* **Exercise input**:
* * * *

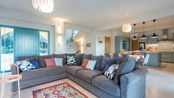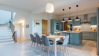 Im Erdgeschoss dieser charmanten, gelb gestrichenen Villa befindet sich eine große OFFENER GRUNDRISS Küche, ein Ess- und Wohnzimmer. Deren Küche ist komplett ausgestattet mit modernen Armaturen und einer Inseleinheit mit Frühstückstheke, ideal für die Gäste, um Kontakte zu knüpfen, während sie essen oder trinken. In der Nähe befindet sich der Ess- und Wohnzimmerbereich mit viel Tageslicht und französischen Türen, die Zugang zum Außenbereich bieten. Dieser Raum ist ideal für ein nahtloses Leben im Innen- und Außenbereich. Deren Erdgeschoss verfügt auch über einen Fitnessraum mit Heimtrainer und Hanteln und ein Zweibettschlafzimmer mit Dusche en suite, beide mit Türen, die zum Pool- und Gartenbereich führen.
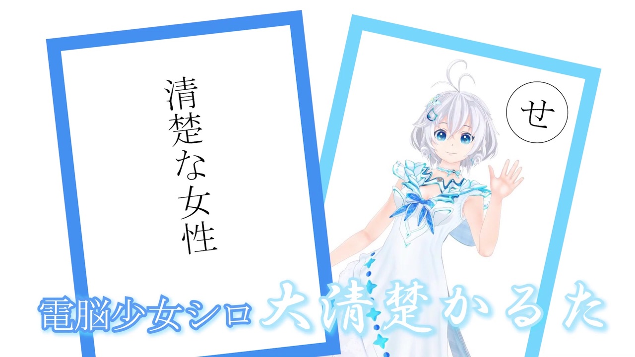 誰かが作れと言っているような気がしたので作りました。<br><br>以下偉大なる先人様の作品です。<br><かえるくん様><br>神楽すず清楚かるた <a href="https://www.nicovideo.jp/watch/sm36987881" class="watch">sm36987881</a><br>神楽すず 新清楚かるた <a href="https://www.nicovideo.jp/watch/sm37227432" class="watch">sm37227432</a><br><此処様><br>神楽すず清楚かるた2組目 <a href="https://www.nicovideo.jp/watch/sm37063104" class="watch">sm37063104</a><br><ac様><br>俗・神楽すず清楚かるた <a href="https://www.nicovideo.jp/watch/sm37301477" class="watch">sm37301477</a><br><此処様><br>獄・神楽すず清楚かるた <a href="https://www.nicovideo.jp/watch/sm37327246" class="watch">sm37327246</a><br><みとわのぼり様><br>ヤマト イオリ清楚かるた <a href="https://www.nicovideo.jp/watch/sm37410431" class="watch">sm37410431</a><br><直線K様><br>花京院ちえり仁義かるた <a href="https://www.nicovideo.jp/watch/sm37432469" class="watch">sm37432469</a><br><むふー様><br>花京院ちえり炉利かるた <a href="https://www.nicovideo.jp/watch/sm37440654" class="watch">sm37440654</a><br>カルロ・ピノ令嬢かるた <a href="https://www.nicovideo.jp/watch/sm37458055" class="watch">sm37458055</a><br><br>シロちゃんのYOUTUBE<br><a href="https://www.youtube.com/channel/UCLhUvJ_wO9hOvv_yYENu4fQ" target="_blank" rel="noopener nofollow">https://www.youtube.com/channel/UCLhUvJ_wO9hOvv_yYENu4fQ</a><br>シロちゃんのTwitter<br><a href="https://twitter.com/SIROyoutuber" target="_blank" rel="noopener nofollow">https://twitter.com/SIROyoutuber</a><br><br>(C)Appland, Inc.<br><br>2020/0906追記:<br>たくさんのご視聴、広告ありがとうございます!
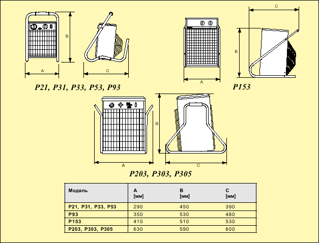 - Поставляются с кабелем длиной 1,8 м. P21 и P31 поставляются с вилкой для подсоединения к заземленной стенной розетке (для P31 необходим предохранитель 16 A ). P33, P53 и P93 имеют 5-и полюсную вилку европейского образца. P153, P203, P303 и P305 поставляются без вилки.
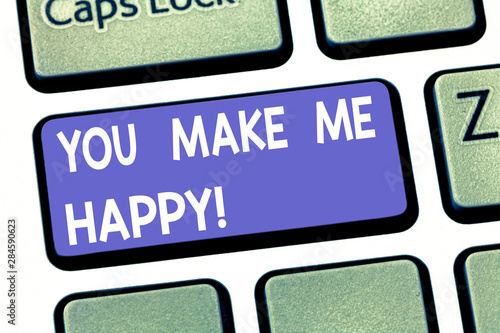 Handwriting text writing You Make Me Happy. Concept meaning Something or Someone that gives pleasure and enjoyment Keyboard key Intention to create computer message pressing keypad idea
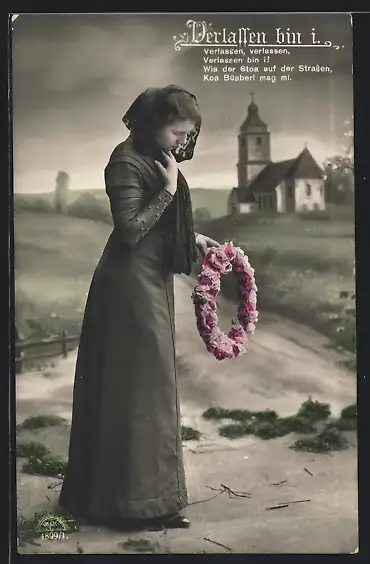 Foto-AK R & K / L Nr. 4899/1: Trauernde Frau mit Blumenkranz in der Hand, Verlassen bin i
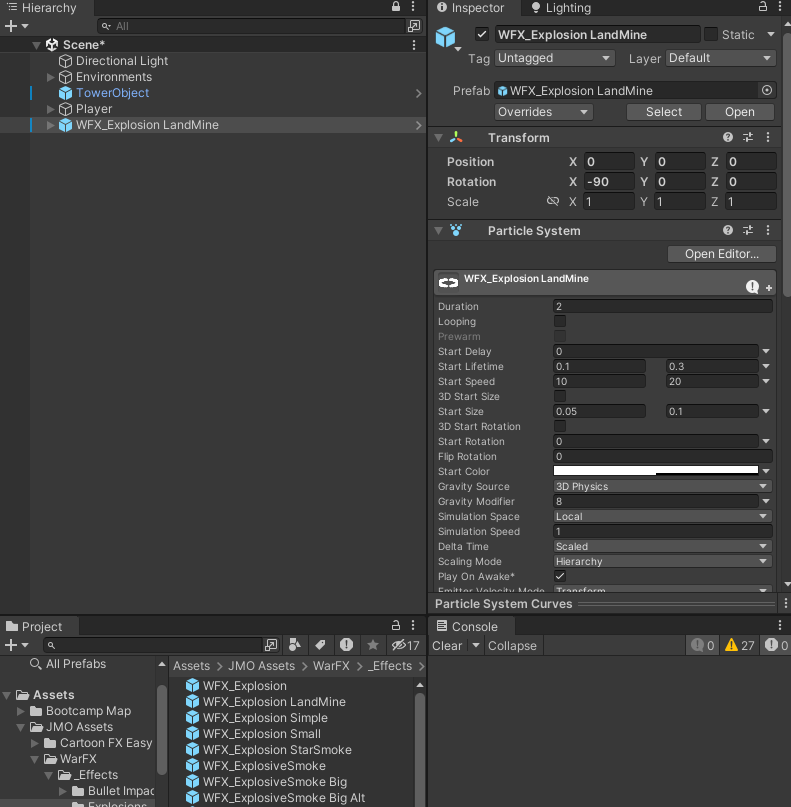 에셋 효과 하나 선택해서 Hierarchy로 가져오고 안에 원래 들어있는 스크립트 삭제
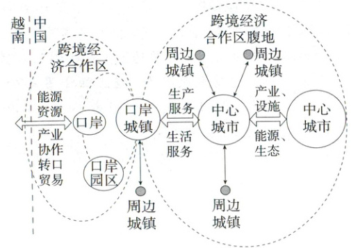 (2025广东卷)云南省河口口岸早期以货物过境贸易为主,口岸城镇功能相对单一。2007年中国河口—越南老街跨境经济合作区成立。近年来,该合作区加快推进转型升级,对口岸城镇功能及合作区腹地产生了影响。下图示意该合作区转型升级后的口岸城镇与口岸、腹地中心城市互动关系模式。据此完成15—16题。
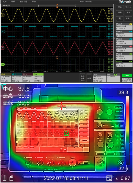 四,示波器的存储深度设置到最大时允许的最大采样率的情况下烤机6小时的测量值及示波器A面B面温度情况;
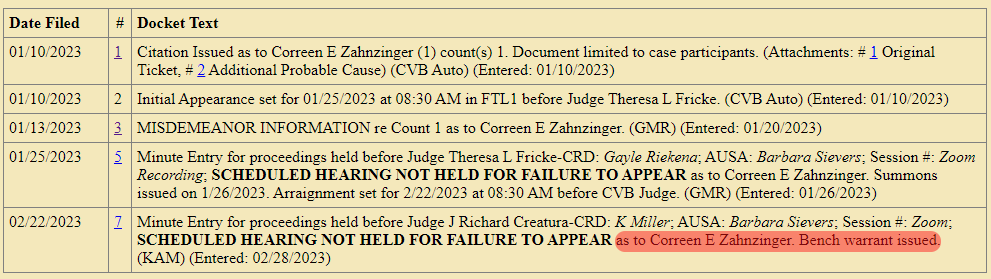 And let's not forget this little gem; it's the definition of projection. Correen Zahnzinger has a criminal record for fraud and filed for bankruptcy twice. In 2015, when her second bankruptcy was discharged, she was one month away from turning 43.
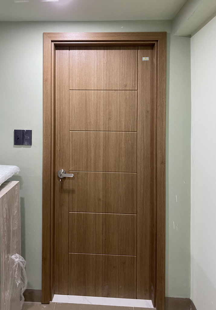 Bề mặt cửa được phủ vân gỗ hoặc sơn màu hiện đại, phù hợp với nhiều phong cách nội thất từ đơn giản đến sang trọng.
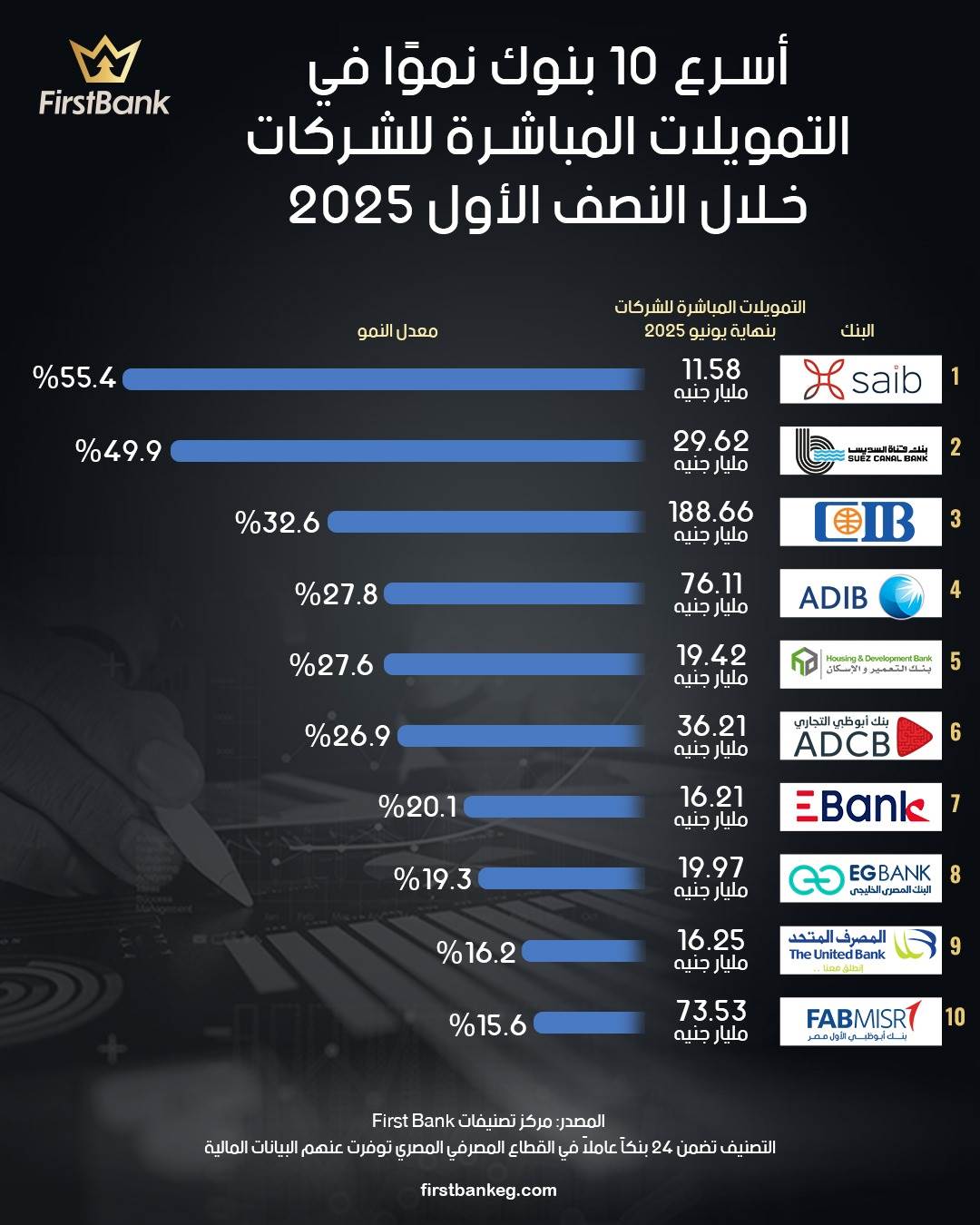 38658 /38658 أسرع 10 بنوك نموًا في التمويلات المباشرة للشركات خلال النصف الأول 2025 04:31 م - الأربعاء 1 أكتوبر 2025 شارك شارك
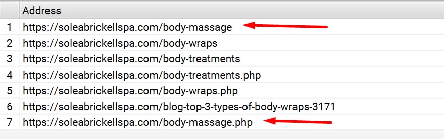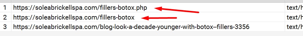 - Die Website-Indexierung funktionierte fehlerhaft. Die Dateien robots.txt und sitemap.xml waren falsch konfiguriert, was zu doppelten Seiten in der Suche führte. Zum Beispiel existierten die Seiten /fillers-botox.php und /fillers-botox gleichzeitig, was die Suchmaschinen verwirrte. Außerdem gab der Antivirenscanner ständig Warnungen beim Besuch der Website aus, und 30 zuvor zugängliche Seiten zeigten plötzlich einen 404-Fehler an.
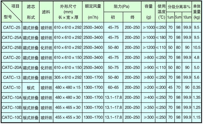 针对国内各汽车生产厂涂装线不同需要,我厂开发并生产了 CATC-25 型, CATC-13 型耐高温高效空气过滤器,他是采用玻璃超细纤维纸做滤材,铝箔作分隔板,镀锌钢板框架,与不含硅铜的耐高温密封胶装配而成。开发的 CAGC-10A 系列产品,具有体积轻、便安装、阻力小、过滤精度高、容尘量大、使用周期长等优点,是替代旧式玻毡式过滤芯的更新换代产品。
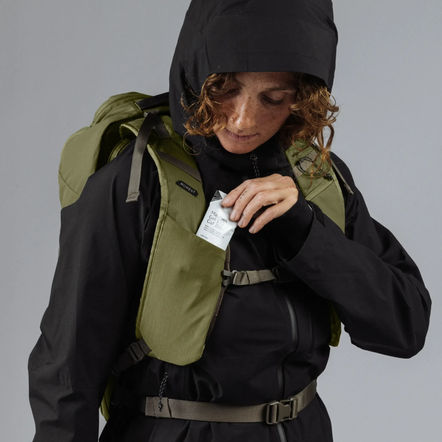 LightWeave™ Ripstop fabric with a double layer of PFAS-free DWR coating provides water-repellent protection. A magnetic flap diverts water away from the front zipper, reducing water penetration during downpours.

* * * *

* **Work instruction**: Output the full material exactly as given, without its pictures.

* **Task answer**:
 Im Erdgeschoss dieser charmanten, gelb gestrichenen Villa befindet sich eine große OFFENER GRUNDRISS Küche, ein Ess- und Wohnzimmer. Deren Küche ist komplett ausgestattet mit modernen Armaturen und einer Inseleinheit mit Frühstückstheke, ideal für die Gäste, um Kontakte zu knüpfen, während sie essen oder trinken. In der Nähe befindet sich der Ess- und Wohnzimmerbereich mit viel Tageslicht und französischen Türen, die Zugang zum Außenbereich bieten. Dieser Raum ist ideal für ein nahtloses Leben im Innen- und Außenbereich. Deren Erdgeschoss verfügt auch über einen Fitnessraum mit Heimtrainer und Hanteln und ein Zweibettschlafzimmer mit Dusche en suite, beide mit Türen, die zum Pool- und Gartenbereich führen.
 誰かが作れと言っているような気がしたので作りました。<br><br>以下偉大なる先人様の作品です。<br><かえるくん様><br>神楽すず清楚かるた <a href="https://www.nicovideo.jp/watch/sm36987881" class="watch">sm36987881</a><br>神楽すず 新清楚かるた <a href="https://www.nicovideo.jp/watch/sm37227432" class="watch">sm37227432</a><br><此処様><br>神楽すず清楚かるた2組目 <a href="https://www.nicovideo.jp/watch/sm37063104" class="watch">sm37063104</a><br><ac様><br>俗・神楽すず清楚かるた <a href="https://www.nicovideo.jp/watch/sm37301477" class="watch">sm37301477</a><br><此処様><br>獄・神楽すず清楚かるた <a href="https://www.nicovideo.jp/watch/sm37327246" class="watch">sm37327246</a><br><みとわのぼり様><br>ヤマト イオリ清楚かるた <a href="https://www.nicovideo.jp/watch/sm37410431" class="watch">sm37410431</a><br><直線K様><br>花京院ちえり仁義かるた <a href="https://www.nicovideo.jp/watch/sm37432469" class="watch">sm37432469</a><br><むふー様><br>花京院ちえり炉利かるた <a href="https://www.nicovideo.jp/watch/sm37440654" class="watch">sm37440654</a><br>カルロ・ピノ令嬢かるた <a href="https://www.nicovideo.jp/watch/sm37458055" class="watch">sm37458055</a><br><br>シロちゃんのYOUTUBE<br><a href="https://www.youtube.com/channel/UCLhUvJ_wO9hOvv_yYENu4fQ" target="_blank" rel="noopener nofollow">https://www.youtube.com/channel/UCLhUvJ_wO9hOvv_yYENu4fQ</a><br>シロちゃんのTwitter<br><a href="https://twitter.com/SIROyoutuber" target="_blank" rel="noopener nofollow">https://twitter.com/SIROyoutuber</a><br><br>(C)Appland, Inc.<br><br>2020/0906追記:<br>たくさんのご視聴、広告ありがとうございます!
 - Поставляются с кабелем длиной 1,8 м. P21 и P31 поставляются с вилкой для подсоединения к заземленной стенной розетке (для P31 необходим предохранитель 16 A ). P33, P53 и P93 имеют 5-и полюсную вилку европейского образца. P153, P203, P303 и P305 поставляются без вилки.
 Handwriting text writing You Make Me Happy. Concept meaning Something or Someone that gives pleasure and enjoyment Keyboard key Intention to create computer message pressing keypad idea
 Foto-AK R & K / L Nr. 4899/1: Trauernde Frau mit Blumenkranz in der Hand, Verlassen bin i
 에셋 효과 하나 선택해서 Hierarchy로 가져오고 안에 원래 들어있는 스크립트 삭제
 (2025广东卷)云南省河口口岸早期以货物过境贸易为主,口岸城镇功能相对单一。2007年中国河口—越南老街跨境经济合作区成立。近年来,该合作区加快推进转型升级,对口岸城镇功能及合作区腹地产生了影响。下图示意该合作区转型升级后的口岸城镇与口岸、腹地中心城市互动关系模式。据此完成15—16题。
 四,示波器的存储深度设置到最大时允许的最大采样率的情况下烤机6小时的测量值及示波器A面B面温度情况;
 And let's not forget this little gem; it's the definition of projection. Correen Zahnzinger has a criminal record for fraud and filed for bankruptcy twice. In 2015, when her second bankruptcy was discharged, she was one month away from turning 43.
 Bề mặt cửa được phủ vân gỗ hoặc sơn màu hiện đại, phù hợp với nhiều phong cách nội thất từ đơn giản đến sang trọng.
 38658 /38658 أسرع 10 بنوك نموًا في التمويلات المباشرة للشركات خلال النصف الأول 2025 04:31 م - الأربعاء 1 أكتوبر 2025 شارك شارك
 - Die Website-Indexierung funktionierte fehlerhaft. Die Dateien robots.txt und sitemap.xml waren falsch konfiguriert, was zu doppelten Seiten in der Suche führte. Zum Beispiel existierten die Seiten /fillers-botox.php und /fillers-botox gleichzeitig, was die Suchmaschinen verwirrte. Außerdem gab der Antivirenscanner ständig Warnungen beim Besuch der Website aus, und 30 zuvor zugängliche Seiten zeigten plötzlich einen 404-Fehler an.
 针对国内各汽车生产厂涂装线不同需要,我厂开发并生产了 CATC-25 型, CATC-13 型耐高温高效空气过滤器,他是采用玻璃超细纤维纸做滤材,铝箔作分隔板,镀锌钢板框架,与不含硅铜的耐高温密封胶装配而成。开发的 CAGC-10A 系列产品,具有体积轻、便安装、阻力小、过滤精度高、容尘量大、使用周期长等优点,是替代旧式玻毡式过滤芯的更新换代产品。
 LightWeave™ Ripstop fabric with a double layer of PFAS-free DWR coating provides water-repellent protection. A magnetic flap diverts water away from the front zipper, reducing water penetration during downpours.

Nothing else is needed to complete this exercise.